Des saoudiens pour sauver KTV

C'est officiel. Des négociations sont actuellement en cours entre Rafik Khalifa et des émirs saoudiens pour le rachat de KHALIFA TV. Selon des sources dignes de foi, c'est le général Larbi Belkheir directeur de cabinet de Bouteflika, et qui a des entrées solides dans les palais du Golfe, qui a intervenu personnellement auprès de ses amis saoudiens pour entreprendre l'opération sauvetage de cette chaîne de télévision pas comme les autres. Les négociations portent sur le nombre d'actions à céder aux saoudiens. Ces derniers n'ignorent pas que leurs partenaires algériens sont en difficultés financières. Ils en profitent, alors, pour ne pas se contenter de jouer aux mécènes en apportant l'argent sans avoir la possibilité de contrôler réellement la chaîne.

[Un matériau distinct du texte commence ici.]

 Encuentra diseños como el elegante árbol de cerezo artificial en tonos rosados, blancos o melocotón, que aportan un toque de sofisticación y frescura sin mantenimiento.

Incapable de s'autofinancer, KHALIFA TV que ses dirigeants occultes représentés par Rafik Khalifa comptaient entretenir financièrement à partir d'Alger, ont fini par réviser leurs calculs après l'arrestation à l'aéroport d'Alger de Djamel Guelimi, ami d'enfance de Rafik et président de la chaîne de télévision, avec deux complices, en possession de trois mallettes bourrées de billets de banques. Ils sont revenus à l'évidence qu'on ne peut financer une société de droit français à partir de l'Algérie.

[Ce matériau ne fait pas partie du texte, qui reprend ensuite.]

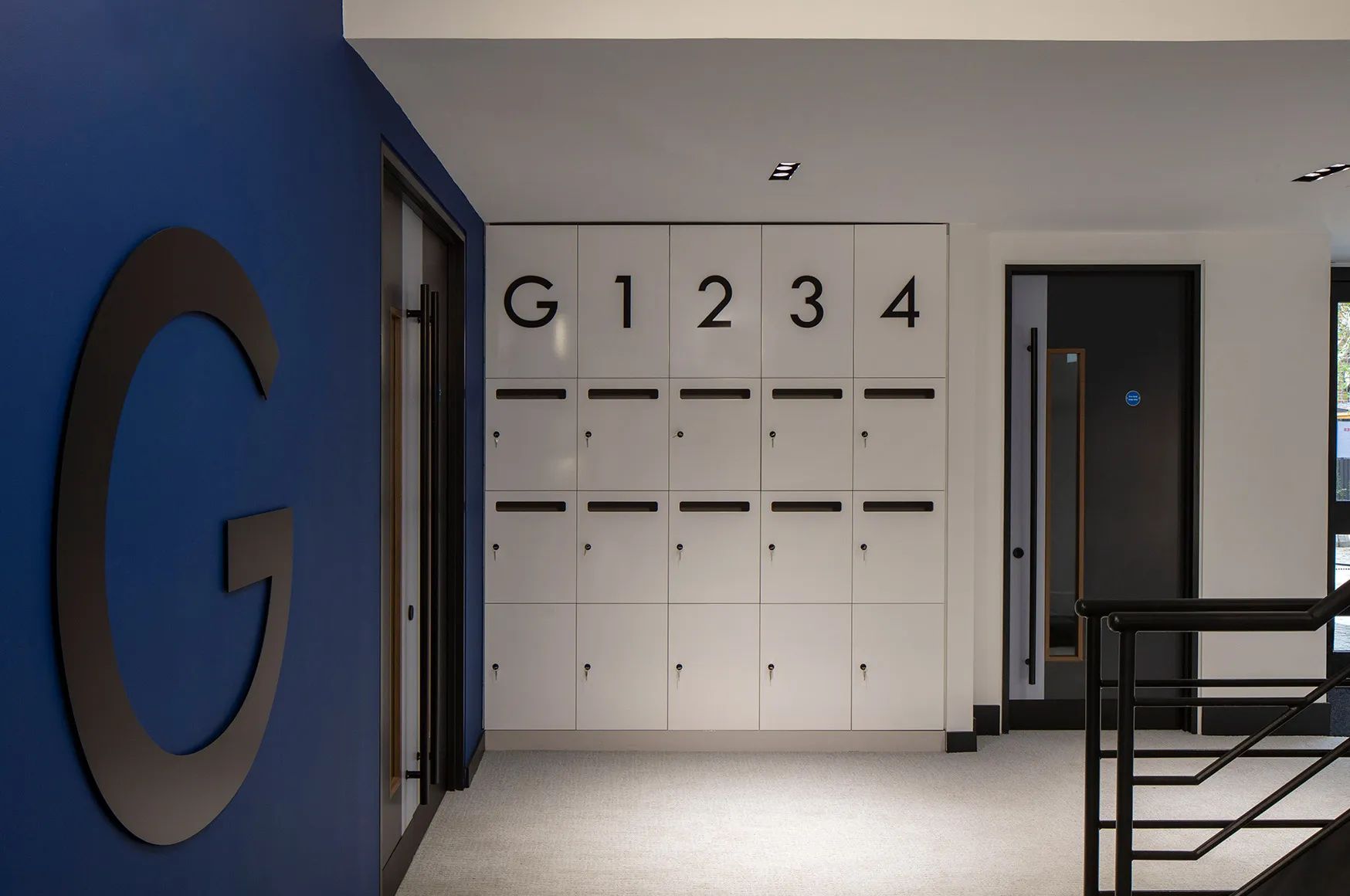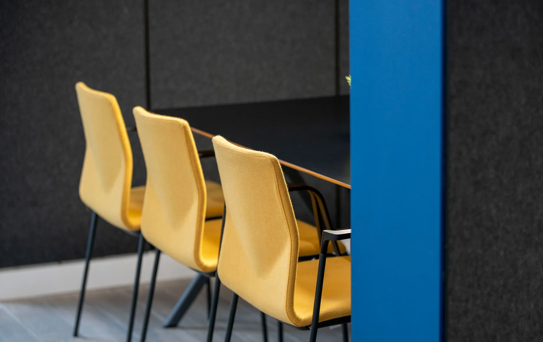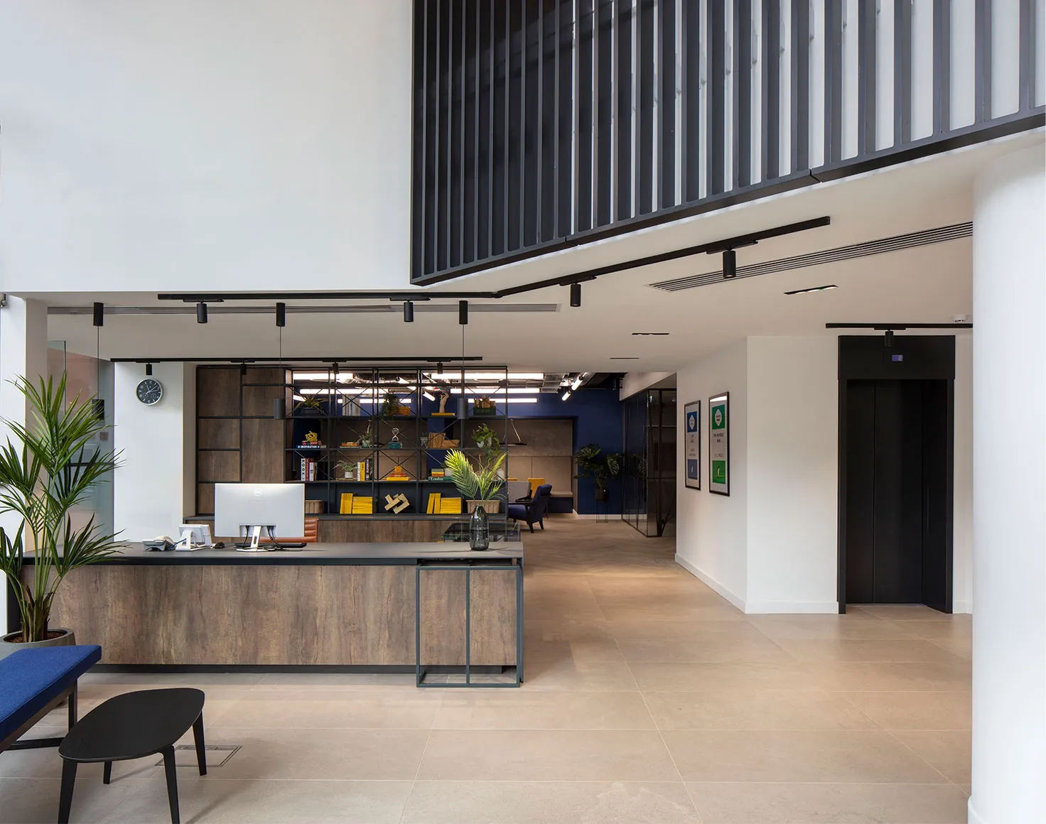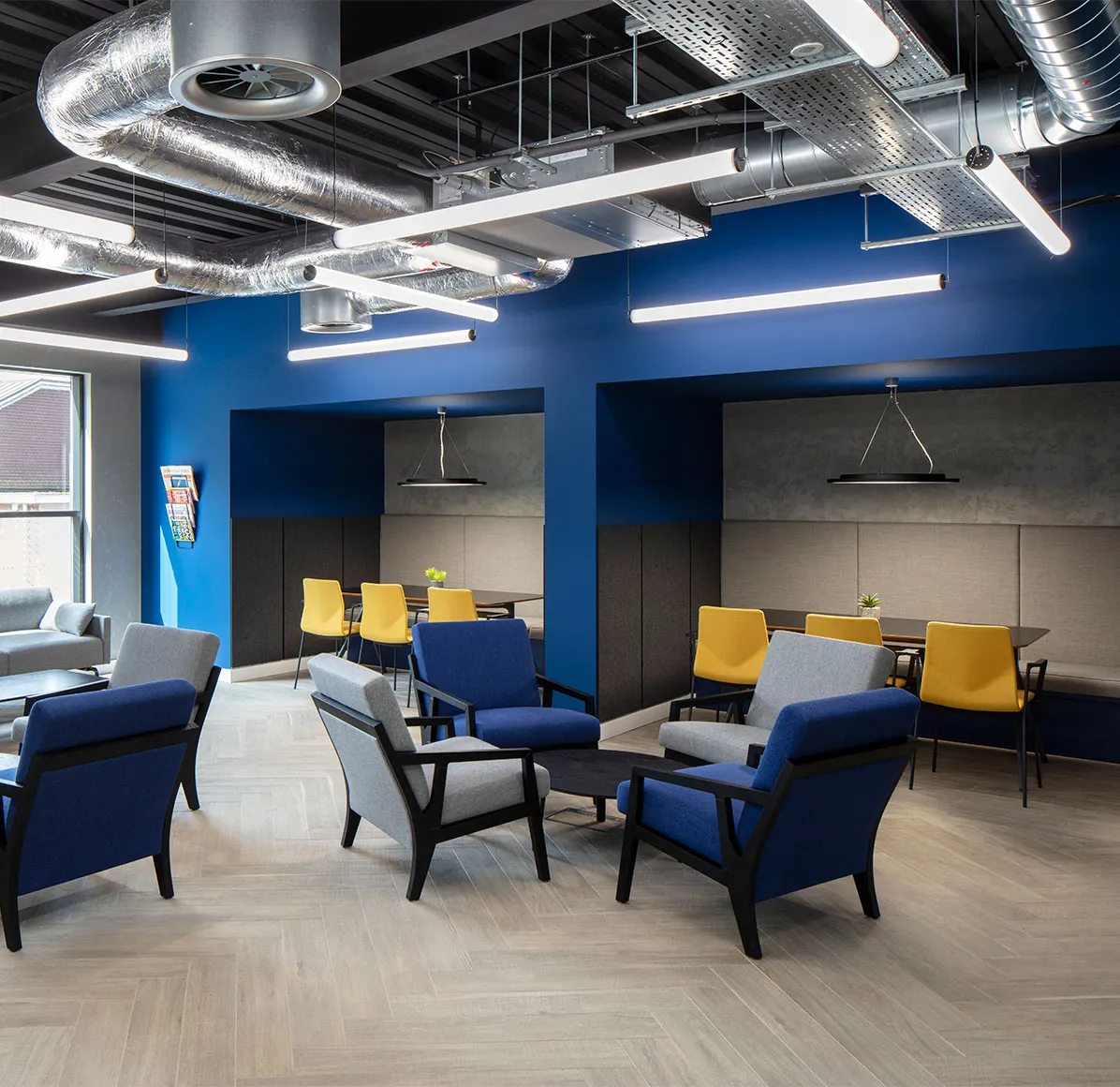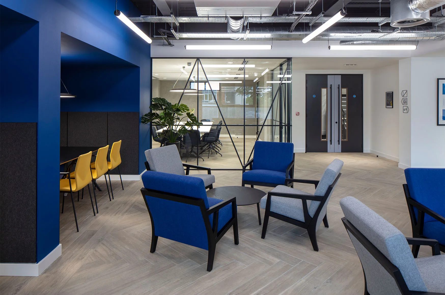 The front entrance has been dramatically improved with a new stepped access from Windsor Road inviting visitors into a fully refurbished and extended reception and collaborative working space. The reception has a private meeting room along with meeting pods and an extensive seating area. Tactile finishes combined with bespoke joinery and select furniture collections populate the double height entrance space and promote interaction and creativity.

En ouvrant le capital aux saoudiens, les propriétaires de KHALIFA TV prouvent une fois de plus qu'ils s'obstinent à ne laisser aucun algérien pénétrer leur jardin secret. Larbi Belkheir explique, à ses proches, son intervention comme " acte humanitaire " pour sauver les emplois des salariés de la chaîne. Pourtant, il y a bien des Algériens qui voudraient investir dans le champ audiovisuel qui demeure hermétiquement fermé en Algérie. Et quand il s'agit de lancer une chaîne algérienne à l'étranger, il faudrait qu'elle soit entre des mains de fidèles du pouvoir des généraux maffieux. Un tour de table qui aurait réuni des hommes d'affaires algériens pour entrer dans le capital de la chaîne ne serait-il pas une meilleure solution que de se livrer aux saoudiens? Les décideurs algériens, qui sont derrière l'ascension de Khalifa, tiennent à préserver le secret de de leurs magouilles.